OL are widespread among Gram-negative bacteria and were found in some Gram-positive bacteria as well (46). They possess similarity to bacterial LPS amide-bound 3-OH fatty acids, the hydroxy groups of which are esterified with another fatty acid (acyloxyacyl groups) (47). Furthermore, OL were also described in Sinorhizobium meliloti grown under phosphorous-limiting condition (48). OL have not been identified in myxobacteria before, thus, their role in myxobacterial life is completely unknown up to now.

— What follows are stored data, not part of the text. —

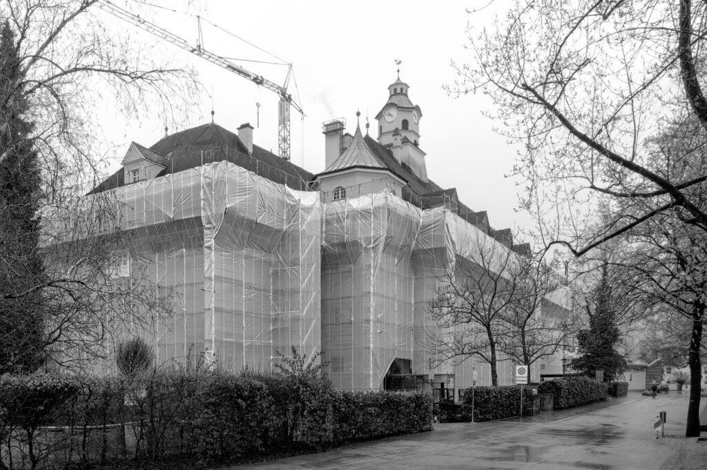 @JoFer, Uwe: Erstaunlich jedenfalls, wie die Verhüllung die Anmutung des Gebäudes – in meinen Augen Richtung Schloß oder Burg – verändern kann. Der Gerüstbauer hatte definitiv keine künstlerischen Ambitionen und hat doch temporär einen Hingucker geschaffen
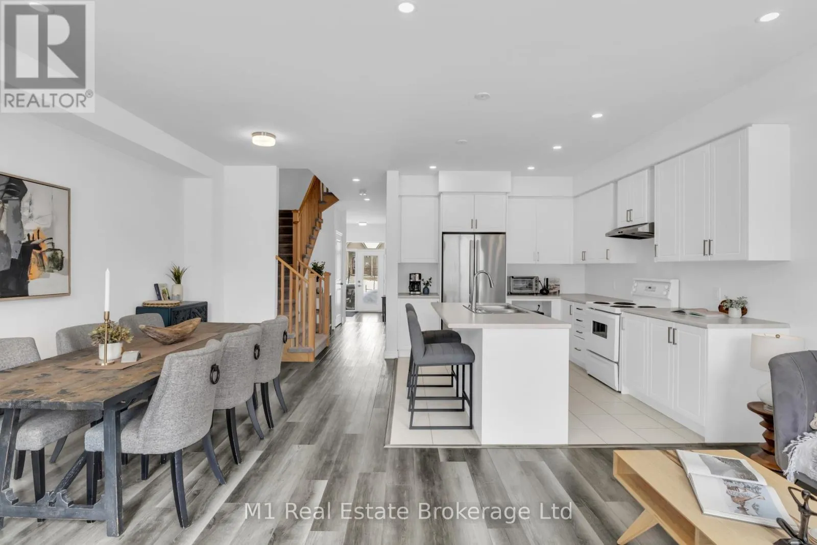 Welcome to 197 Farley Road, a well-designed freehold townhome located in the desirable Storybrook community of Fergus. This modern two-storey home offers approximately 1,742 sq. ft. of finished living space with three bedrooms and three bathrooms, providing a practical layout suited to everyday living. The main floor features a bright, open-concept design anchored by a contemporary kitchen with ample cabinetry,
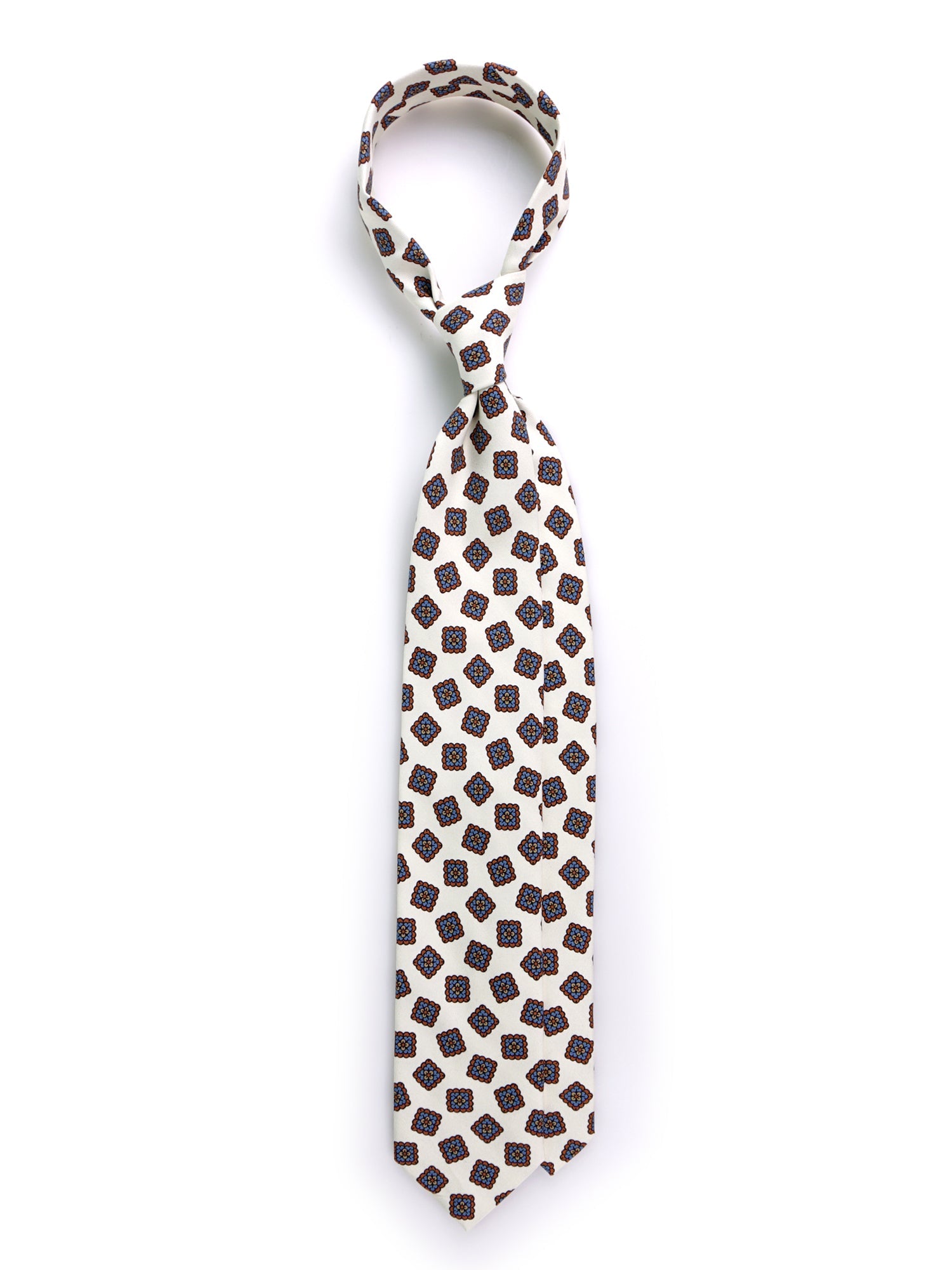 Expression of a quiet and cultured luxury, this Don Mimì tie is made of the legendary "Ancient Madder" silk. Characterized by its unmistakable "chalky hand" and a matte, velvety finish, it represents the pinnacle of sartorial refinement. The white background, rare and distinctive for a madder silk, illuminates the rigor of the geometric pattern in classic tones of brown and blue. An accessory destined for the man who does not follow trends but guards the tradition of timeless elegance.
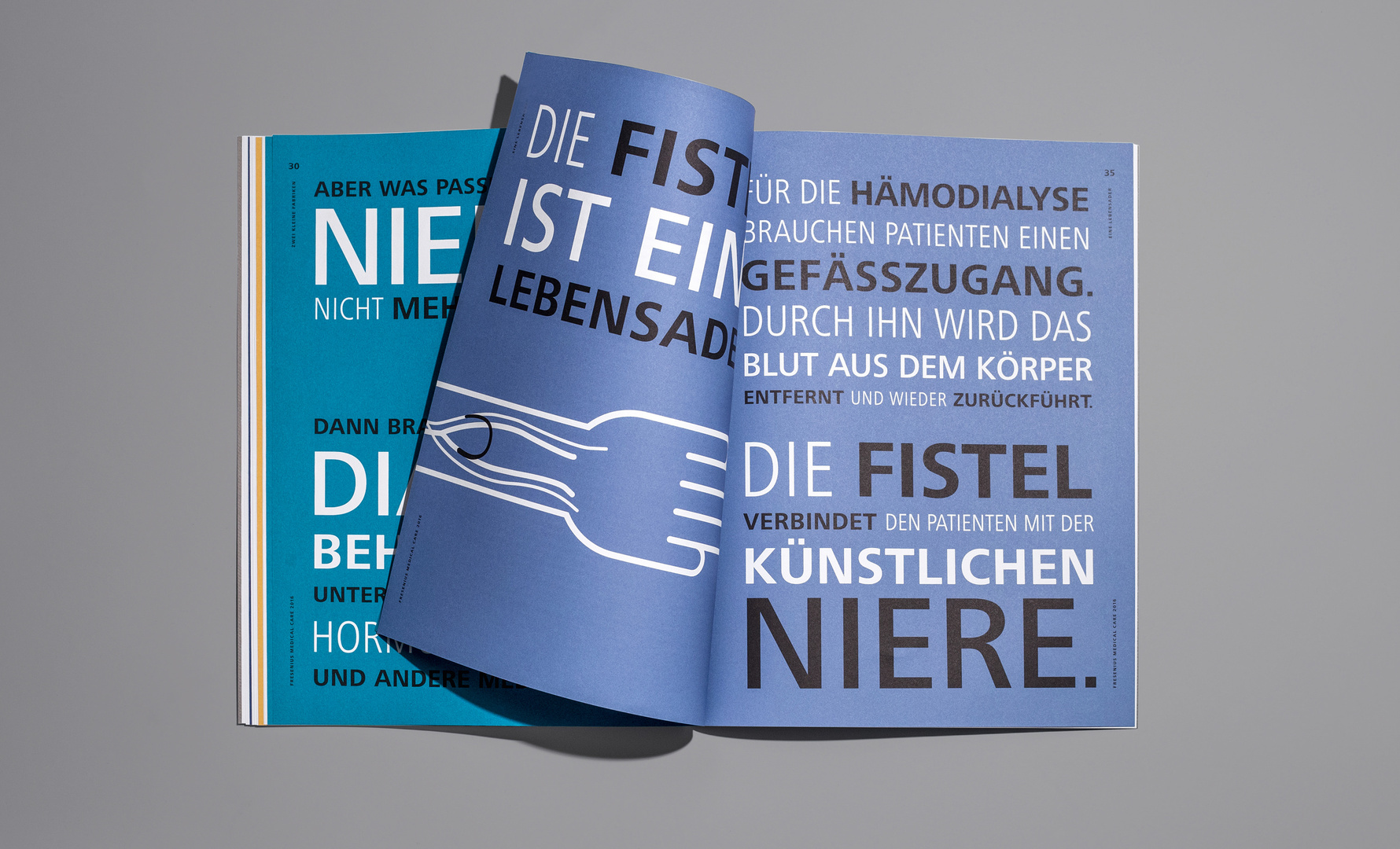 The annual report of the provider of dialysis products and services is entitled “Applying Knowledge” and illustrates the approach of taking responsibility and sharing knowledge with patients, staff and partners in the health system. In the corresponding magazine “Wissen Leben” (living knowledge), the growth strategy is presented as an emotional experience. The book-in-book publication is intended to be regarded as an independent corporate magazine. For the 20th anniversary, lightening motifs were created, which link the company’s sales figures on the pages dividing the chapters to the theme of knowledge.

As a third class of lipids ether lipids could be identified. The major ether lipids are dialkyl ether lipids with a phosphoethanolamin or glucose as headgroup. Ether lipids as monoalkyl moiety have been proposed by Ring et al. (49) as new biomarkers for fruiting bodies formation in Myxococcus xanthus. A basic structure of 1-O-13-methyltetradecyl glycerol has been described. The same moiety was present in So ce56.

The presence of dialkyl ether lipids could be confirmed from vegetative cells of the myxobacterium Stigmatella aurantiaca (50). These findings indicate an occurrence of such ether lipids in myxobacteria and may play an important role in myxobacterial development. Besides phosphoethanolamine, we also identified glucose as a headgroup of the ether lipids. This headgroup together with the dialkyl moiety are described in myxobacteria for the first time. The functions of these ether lipids in myxobacteria are unknown.

Taken together, we isolated and elucidated the complex lipid composition of the OM of S. cellulosum So ce56 with a total number of more than 50 lipids. These data and the fact that LPS is missing give new insights into the complex myxobacterial life cycle with a remarkable eukaryotic character of this bacterium. This is also reflected in marked similarities to eukaryotic regulatory network sytems (5, 51, 52).